Taylor Books offers many free events like author talks, book launches, art gallery receptions, beginner friendly craft workshops like Drink and Draw, and live music on Friday and Saturday evenings.

Events Calendar

Author Event with Beth Howard
Jun
5

Author Event with Beth Howard

Join author Beth Howard as she discusses her book Song for a Hard-Hit People, out this spring from Haymarket Books. Following the event, Howard will be available to sign her book.

From the publisher:

In Song for a Hard-Hit People, Beth Howard shares her story of growing up in Appalachian Kentucky—the economic struggles, trauma, and ever-present sexism along with the loving care of her close-knit rural community. These complex people shaped Howard’s sense of justice and solidarity, and taught her about the inextricable bonds working-class people share, despite our differences. But her childhood also left her with emotional wounds that threatened to destroy the life she built for herself. While healing her wounds is deeply personal, there’s no separating it from the people and place that made her.

Appalachia is often framed as a place to escape from, where people are hateful, lazy, and bring tragedy upon themselves.

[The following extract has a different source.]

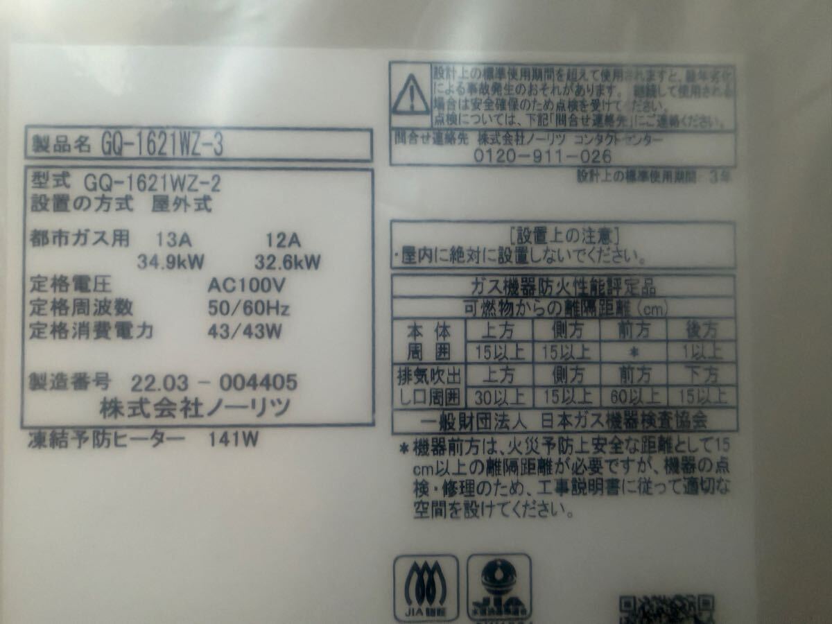 ノーリツの都市ガス用給湯器GQ-1621WZ -2 -3 です。

But in her quest to understand her home and her people, Howard uncovers the powerful history of white Appalachians fighting alongside Black and Brown people, pushing back against billionaires who gain power by using racism to divide them. Appalachia, she realizes, has not only been hit hard; it is the place to wage a freedom struggle.

Too many of us are denied the basic necessities of life: somewhere decent to live, good food to eat, health care that doesn’t break the bank, jobs that don’t kill us. As Howard reminds us, we haven’t got a chance—unless we organize.

In the midst of divisive rhetoric, violent repression, and grifters writing elegies, may this story be a song.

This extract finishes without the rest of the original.